**What is being asked**
Reproduce, exactly and in full, the lines from the one with "Diese helle, moderne" through the one with "Designed for Yoga" in the data below; drop pictures.

╭─ Provided data

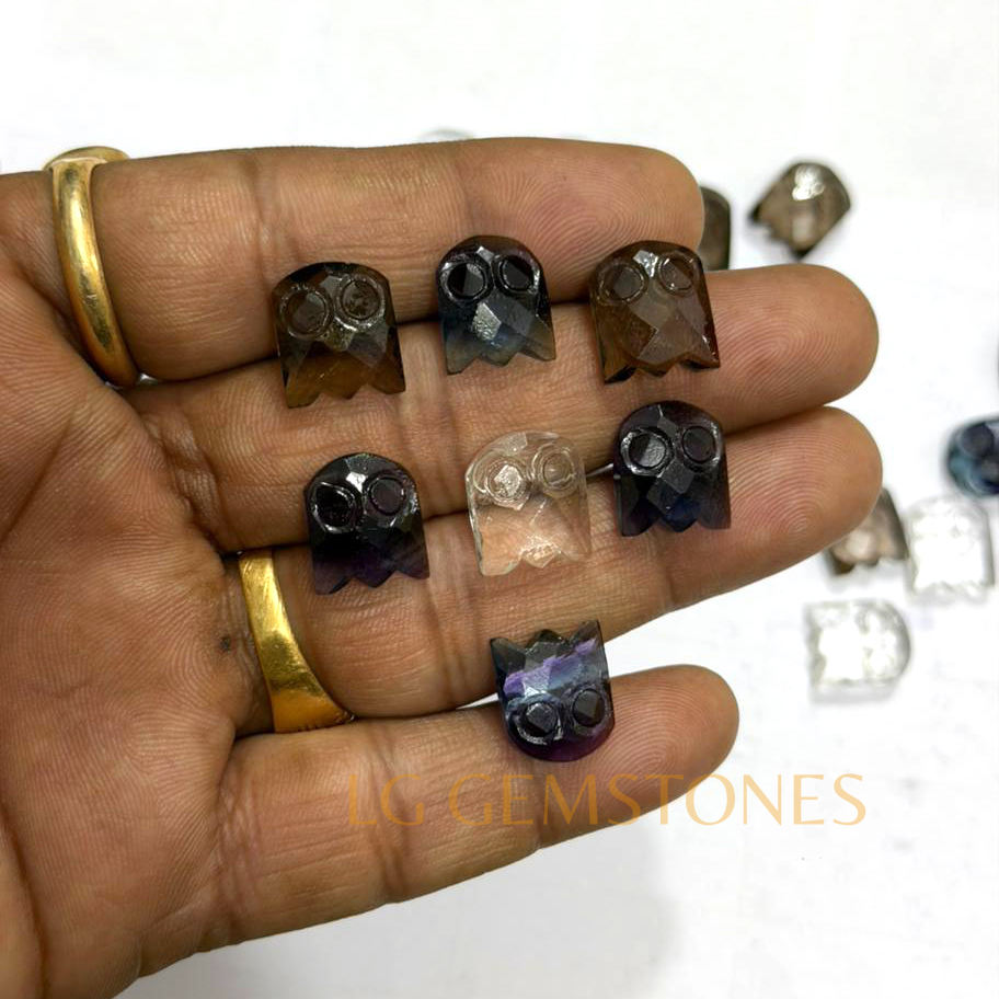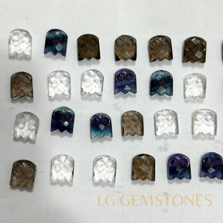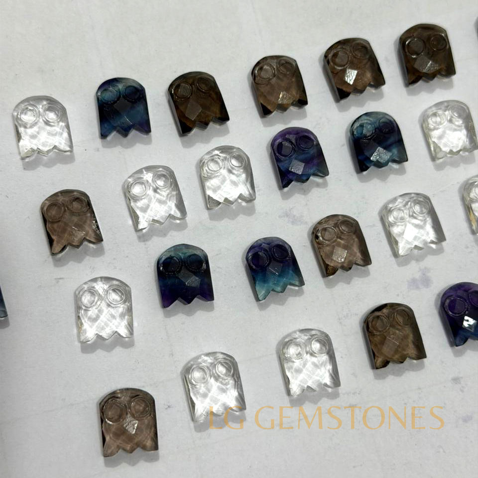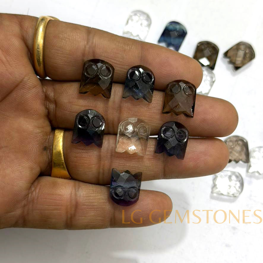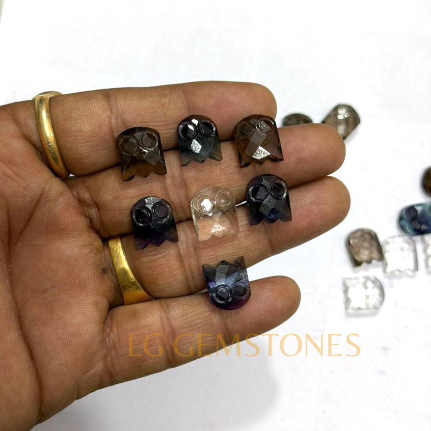 ควอตซ์สโมคกี้ธรรมชาติรูปผีสำหรับฮาโลวีน แกะสลักด้วยมือ หินคริสตัลรูปผีสำหรับทำเครื่องประดับ
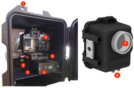 The first step of the proposed procedure is the remote acquisition and transferring of images. The implemented PAM allows for acquiring a sequence of images at predefined intervals of time. The PAM kit includes a single digital single-lens reflex (DSLR) camera, an intervalometer and a protective case (Figure 2). Specifically, a moderately priced Canon 2000D (maximum resolution ~24.1 megapixels and sensor APS-C CMOS) equipped with 18–55 mm lenses was mounted in a protective case. After installation of the acquisition kit in a convenient location (e.g., fixed to a bracket, mounted on a stable tripod, etc.), image capture was performed, automatically adopting a time-lapse controller with remote capabilities. The Bixicon controller [36] was chosen among others for its user-friendly GUI (graphical user interface), unlimited set of image acquisition intervals, remotely controllable settings via WiFi/3G/4G and data transmission capabilities. The 2D input data can be stored in both JPEG and RAW formats on the camera SD and/or in the controller memory. Additionally, acquired images can be transferred using an FTP server or saved on a cloud storage service (e.g., Google Drive, Dropbox, etc.) in just a few seconds. The protective case (dimensions: 23 × 30 × 25 cm; weight: ~5 kg), also provided by Bixion, can be easily adopted for both indoor and outdoor applications. Figure 2 outlines the main components of the case and shows an example of a typical internal configuration adopted for this work.
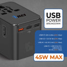 The OREI M8-45W-Black Universal Travel Adapter is a powerful 6-in-1 charging solution designed for modern travelers who need fast, reliable power across the globe. Featuring 3 USB-C PD ports, 2 USB-A ports, and 1 universal AC outlet, it allows you to charge up to six devices simultaneously, including laptops, tablets, smartphones, cameras, and other essential travel electronics. With a 45W fast power delivery output and intelligent Smart IC technology, the adapter automatically adjusts power to ensure safe, efficient, and optimized charging for every connected device. Supporting plug types A, C, G, and I, it works in 150+ countries with a wide 100–240V input range, making it an ideal companion for international travel.
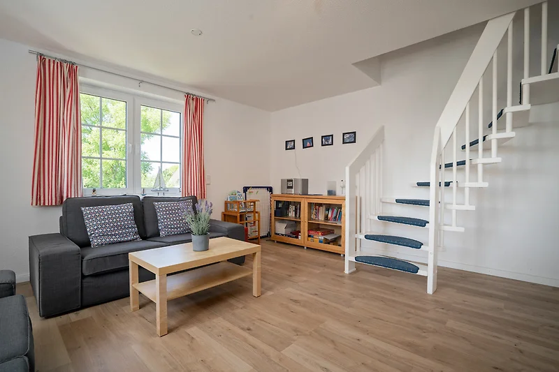 Diese helle, moderne Ferienwohnung im 1. OG bietet auf 3 Zimmern bis zu 4 Personen Platz für einen erholsamen Urlaub am nur 250 m entfernten Schöneberger Strand.
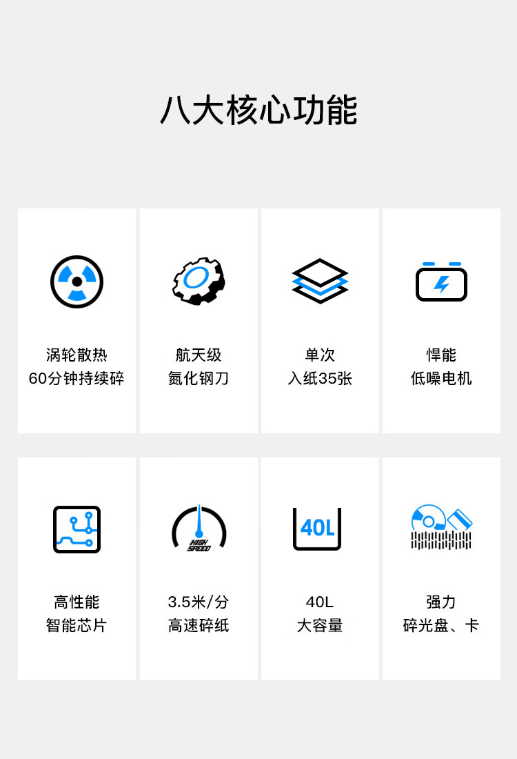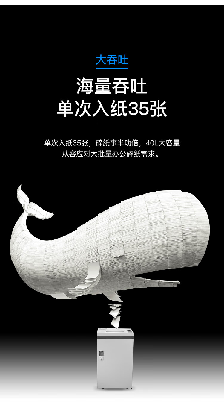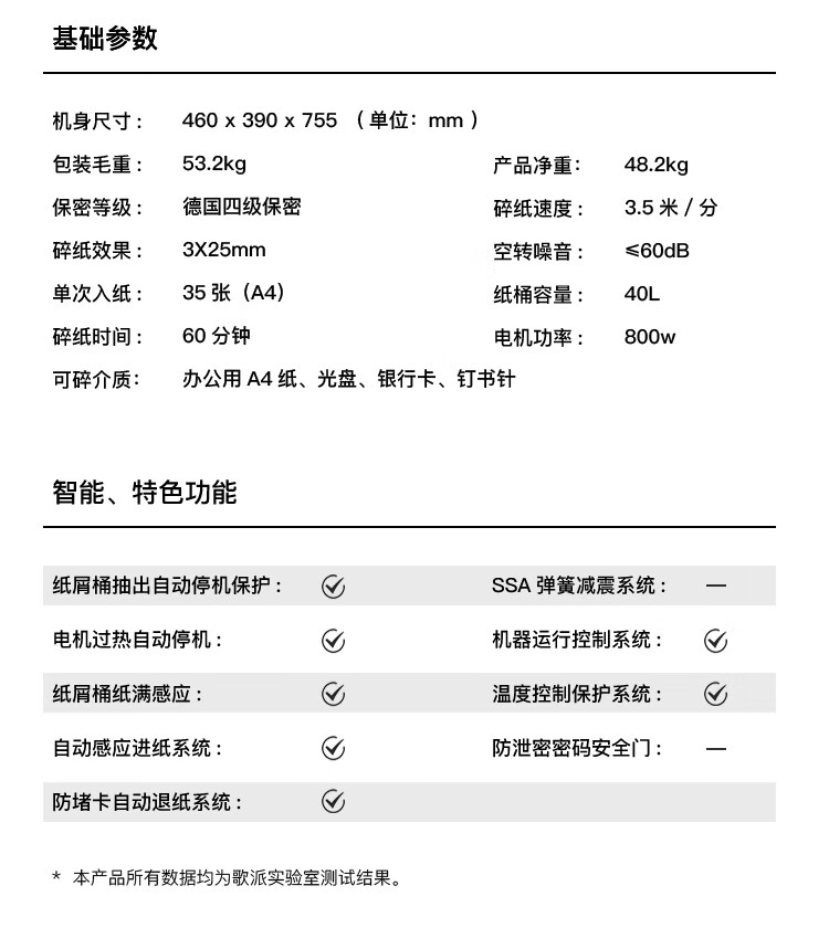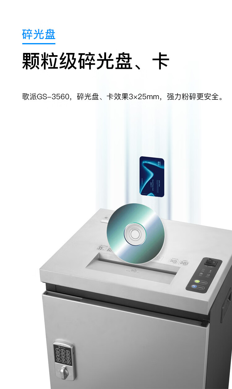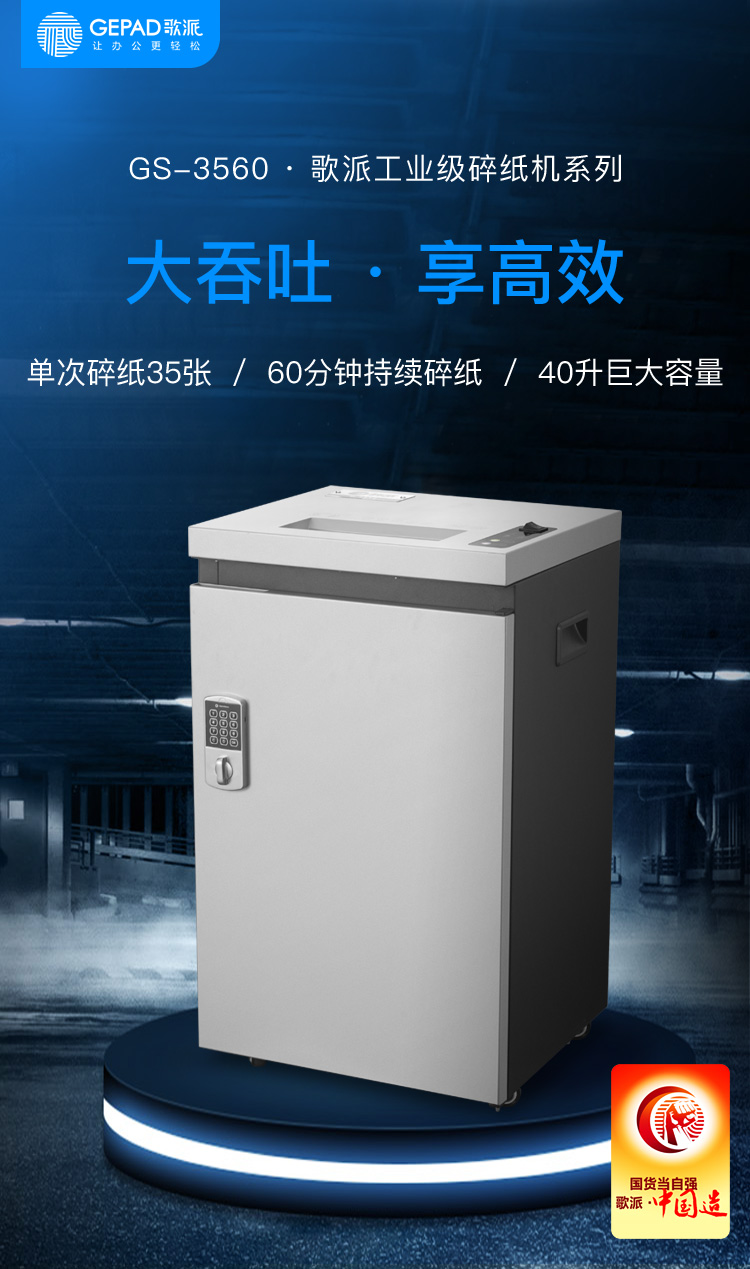 歌派(GEPAD)4級(jí)保密專(zhuān)業(yè)銷(xiāo)毀碎紙機(jī)(單次35張 持續(xù)60分鐘 40L 可碎卡、光盤(pán))GS-3560 自營(yíng)
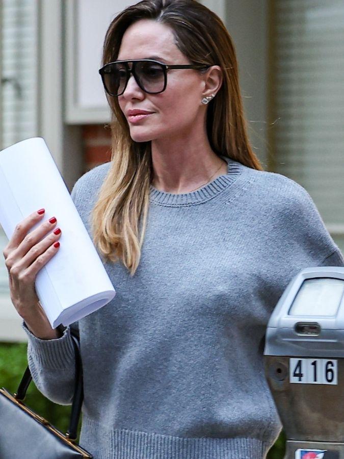 Angelina Jolie‘s personal style is all about elegance and simplicity. Favouring a dark colour palette—the actress is found styling head-to-toe black most days of the week, Jolie keeps her outfits feeling interesting and polished though the use of thoughtful accessories. A long-time fan of oversized sunglasses and classic court shoes, this weekend the actress gravitated towards another “dated” accessory that puts a polished spin on any outfit.
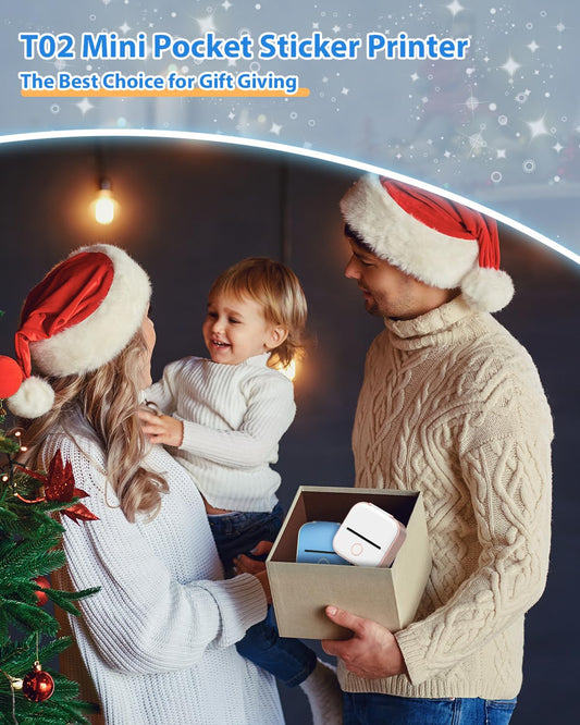T02 Printemped, Sticker Printer with 3 Rolls Sticker Paper, Mini Printer for School Notes, Inkless Portable Printer, Compatible with phomemeo App, Blue
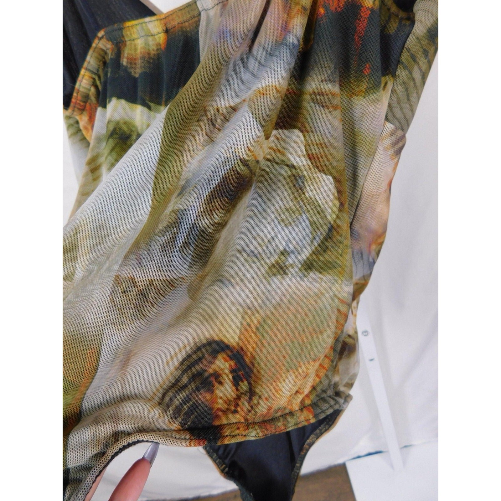 PrettyLittleThing Mesh Renaissance Bodysuit 8 - Sheer Print Snap - Excellent
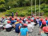 朝のつどいを行いました。 みんな元気にキャンプ2日目を迎えました。
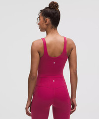 Designed for Yoga Feels Buttery-Soft and Weightless, Nulu™ Fabric - So buttery soft, it feels weightless - Four-way stretch - Sweat-wicking - Breathable - Added Lycra® fibre for stretch and shape retention Light Support - Sizes 0-14 fit A/B cups - Sizes 16-20 fit C/D cups - Tight fit contours your body - Cropped length is cut above the waist—perfect with high-rise pants - Intended for low-impact activities Product Features - Built-in shelf bra for added support and coverage - Pockets for optional, removable cups Material and care Materials Body: 81% Nylon19% Lycra Elastane - Middle Layer: 89% Nylon11% Elastane - Bra Lining: 81% Nylon19% Lycra Elastane Care Machine Wash Cold - Do Not Bleach - Tumble Dry Low - Do Not Iron - Do Not Dry Clean - Wash With Like Colors
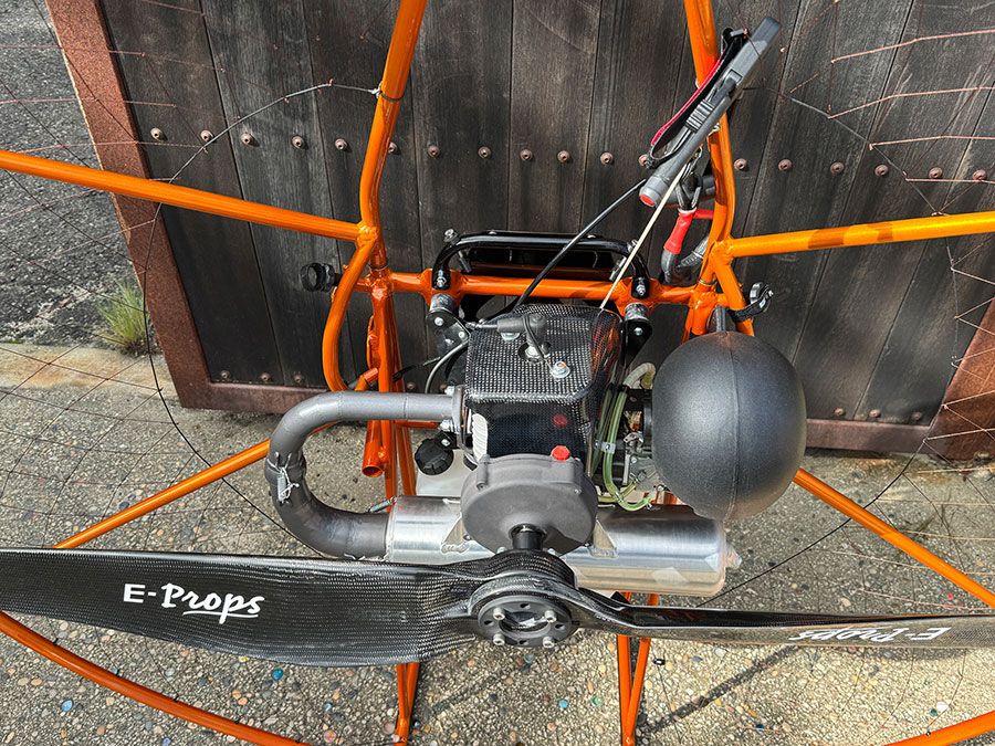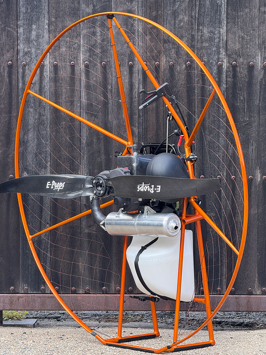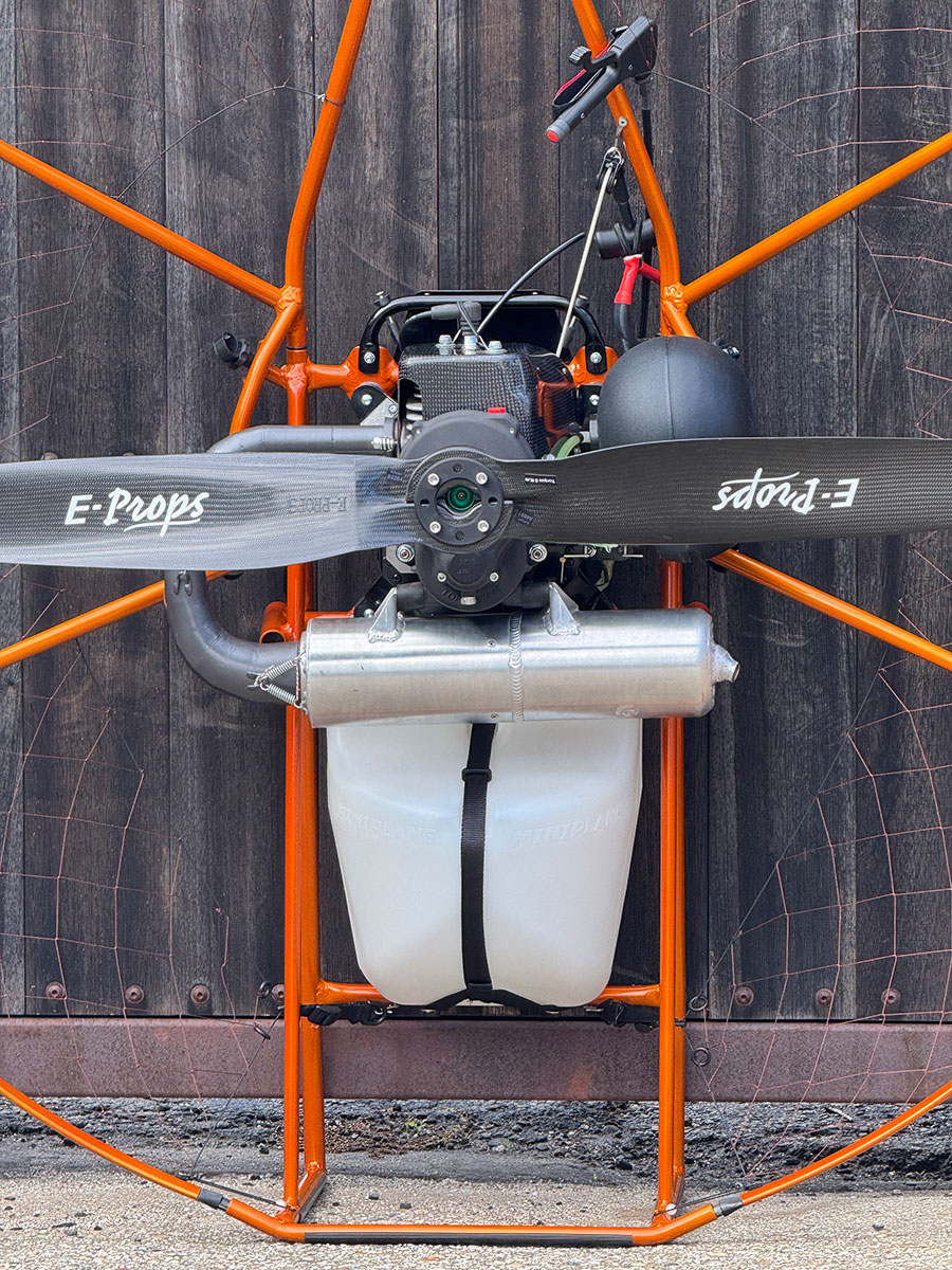 Please note: This listing is for the 12L Miniplane Rigid Cage 140 ABM Paramotor with the E-Props 135cm propeller & 2-piece Rigid Cage - no glider or helmet is included. The Paramotor does include the specially designed E-Props 135cm Propeller, Harness and Throttle. Color of this unit is Metallic Orange. This 2-part Rigid Cage Paramotor includes the reliable and time-proven Top 80 engine (shown in the photos). Email info@AmericanParagliding.com or call or text Chad at 805-403-1859 for interest or questions regarding this paramotor.

╰─

**Solution for this exercise**
 Diese helle, moderne Ferienwohnung im 1. OG bietet auf 3 Zimmern bis zu 4 Personen Platz für einen erholsamen Urlaub am nur 250 m entfernten Schöneberger Strand.
 歌派(GEPAD)4級(jí)保密專(zhuān)業(yè)銷(xiāo)毀碎紙機(jī)(單次35張 持續(xù)60分鐘 40L 可碎卡、光盤(pán))GS-3560 自營(yíng)
 Angelina Jolie‘s personal style is all about elegance and simplicity. Favouring a dark colour palette—the actress is found styling head-to-toe black most days of the week, Jolie keeps her outfits feeling interesting and polished though the use of thoughtful accessories. A long-time fan of oversized sunglasses and classic court shoes, this weekend the actress gravitated towards another “dated” accessory that puts a polished spin on any outfit.
T02 Printemped, Sticker Printer with 3 Rolls Sticker Paper, Mini Printer for School Notes, Inkless Portable Printer, Compatible with phomemeo App, Blue
 PrettyLittleThing Mesh Renaissance Bodysuit 8 - Sheer Print Snap - Excellent
 朝のつどいを行いました。 みんな元気にキャンプ2日目を迎えました。
 Designed for Yoga Feels Buttery-Soft and Weightless, Nulu™ Fabric - So buttery soft, it feels weightless - Four-way stretch - Sweat-wicking - Breathable - Added Lycra® fibre for stretch and shape retention Light Support - Sizes 0-14 fit A/B cups - Sizes 16-20 fit C/D cups - Tight fit contours your body - Cropped length is cut above the waist—perfect with high-rise pants - Intended for low-impact activities Product Features - Built-in shelf bra for added support and coverage - Pockets for optional, removable cups Material and care Materials Body: 81% Nylon19% Lycra Elastane - Middle Layer: 89% Nylon11% Elastane - Bra Lining: 81% Nylon19% Lycra Elastane Care Machine Wash Cold - Do Not Bleach - Tumble Dry Low - Do Not Iron - Do Not Dry Clean - Wash With Like Colors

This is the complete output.